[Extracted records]
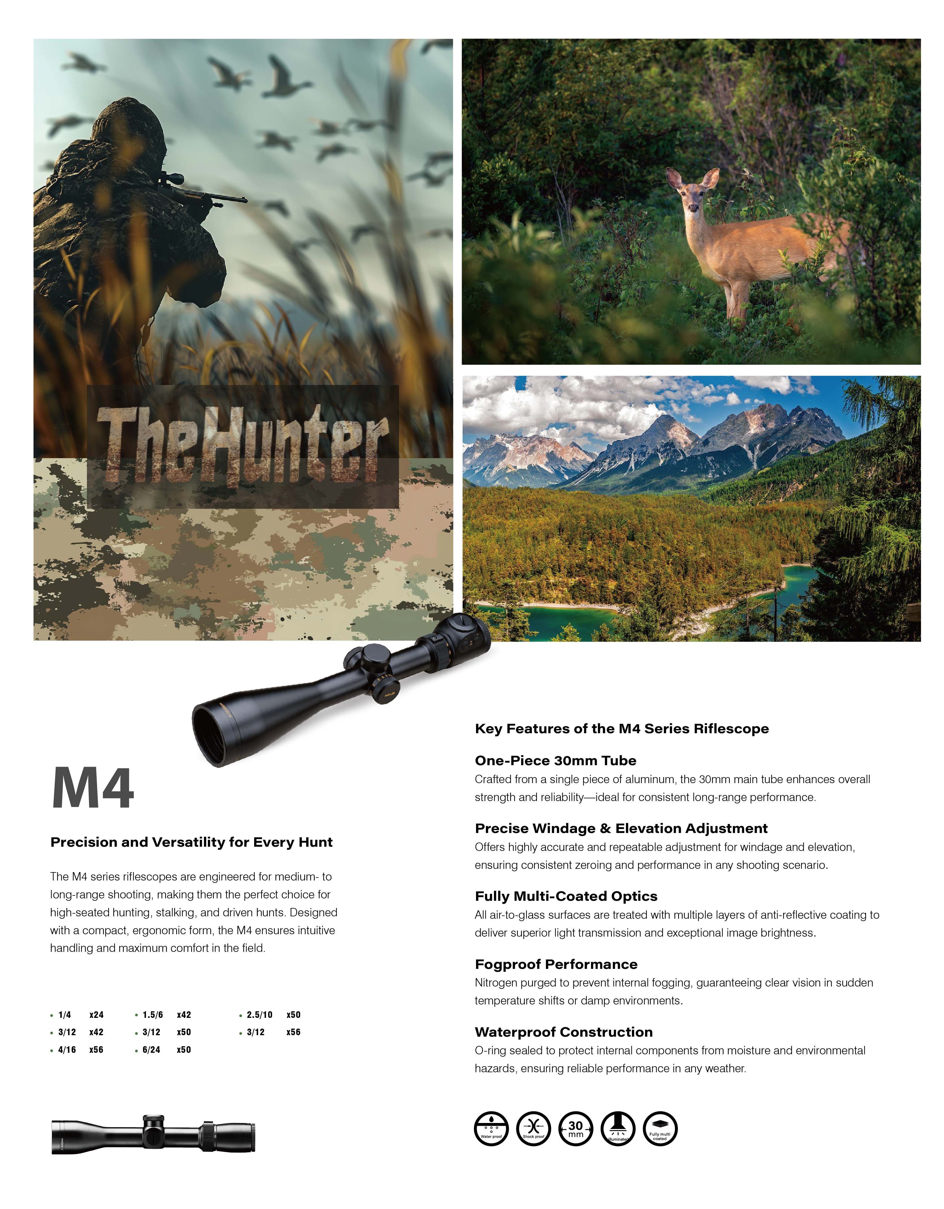 The M4 series is designed for precision shooting, delivering fast target acquisition and clear, reliable optics. Its rugged, shock-resistant aluminum housing is built to withstand recoil and harsh field conditions, making it ideal for hunting, tactical training, and competitive shooting.
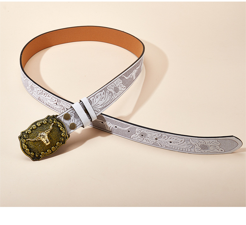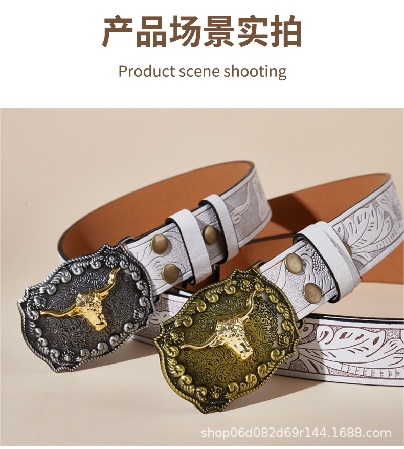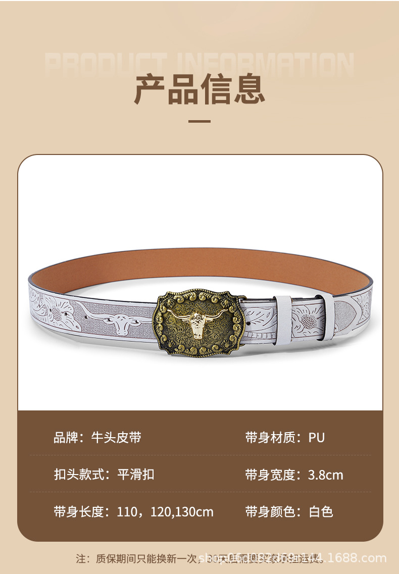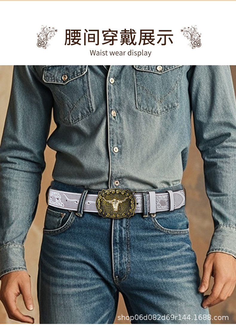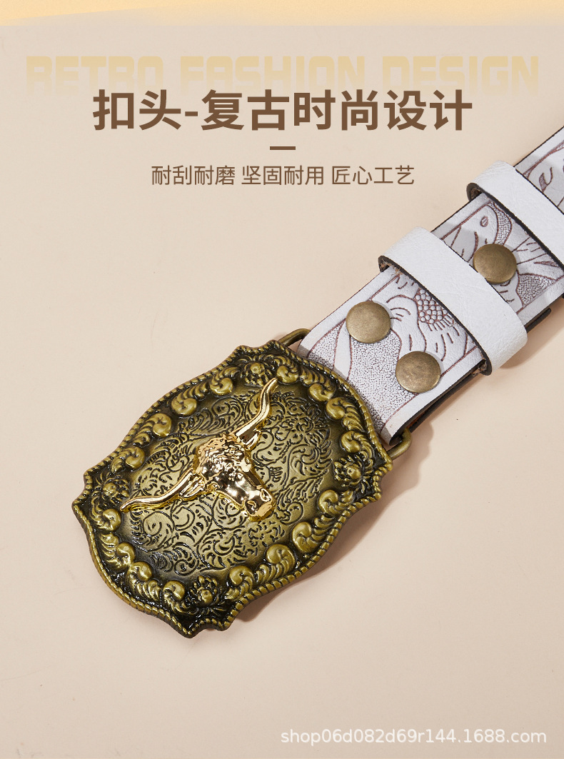 국경 간 서부 데님 벨트 니우 투 빅 플레이트 버클 화이트 빈티지 사회 젊은 남성과 여성 펑크 가죽 벨트
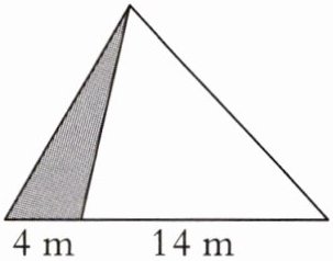 4. 如图是一块三角形的菜地,涂色的部分种西红柿,空白的部分种青椒。已知西红柿的种植面积是$24m^{2}$,那么青椒的种植面积是多少平方米?(9分)
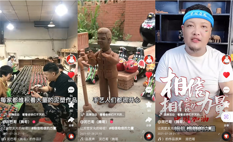 而在泥塑內容之上,泥巴哥拍攝泥塑短視頻改變了自己的命運,更改變了泥咕咕非遺文化傳承方式的真實經歷,也成為品牌宣傳的素材之一。東京奧運會期間,泥巴哥與螞蟻集團合作,借泥塑講述生活賽場的故事,號召大家“相信相信的力量”,實現奧運力量營銷共振。
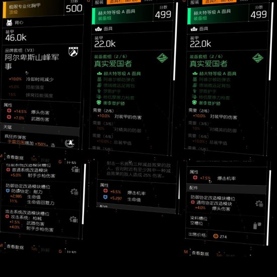 配装方面用的是两件真爱国者、三件阿尔拉蒂、一件、一件阿尔卑斯衣服,下面是各部位的参考。

* AIM OF THE EXERCISE
From the records above, quote word for word only the lines beginning at the line that has "국경 간 서부 데님 벨트" and stopping after the line that has "而在泥塑內容之上,泥巴哥拍攝". Omit the pictures.

* RESULT OF THE EXERCISE
 국경 간 서부 데님 벨트 니우 투 빅 플레이트 버클 화이트 빈티지 사회 젊은 남성과 여성 펑크 가죽 벨트
 4. 如图是一块三角形的菜地,涂色的部分种西红柿,空白的部分种青椒。已知西红柿的种植面积是$24m^{2}$,那么青椒的种植面积是多少平方米?(9分)
 而在泥塑內容之上,泥巴哥拍攝泥塑短視頻改變了自己的命運,更改變了泥咕咕非遺文化傳承方式的真實經歷,也成為品牌宣傳的素材之一。東京奧運會期間,泥巴哥與螞蟻集團合作,借泥塑講述生活賽場的故事,號召大家“相信相信的力量”,實現奧運力量營銷共振。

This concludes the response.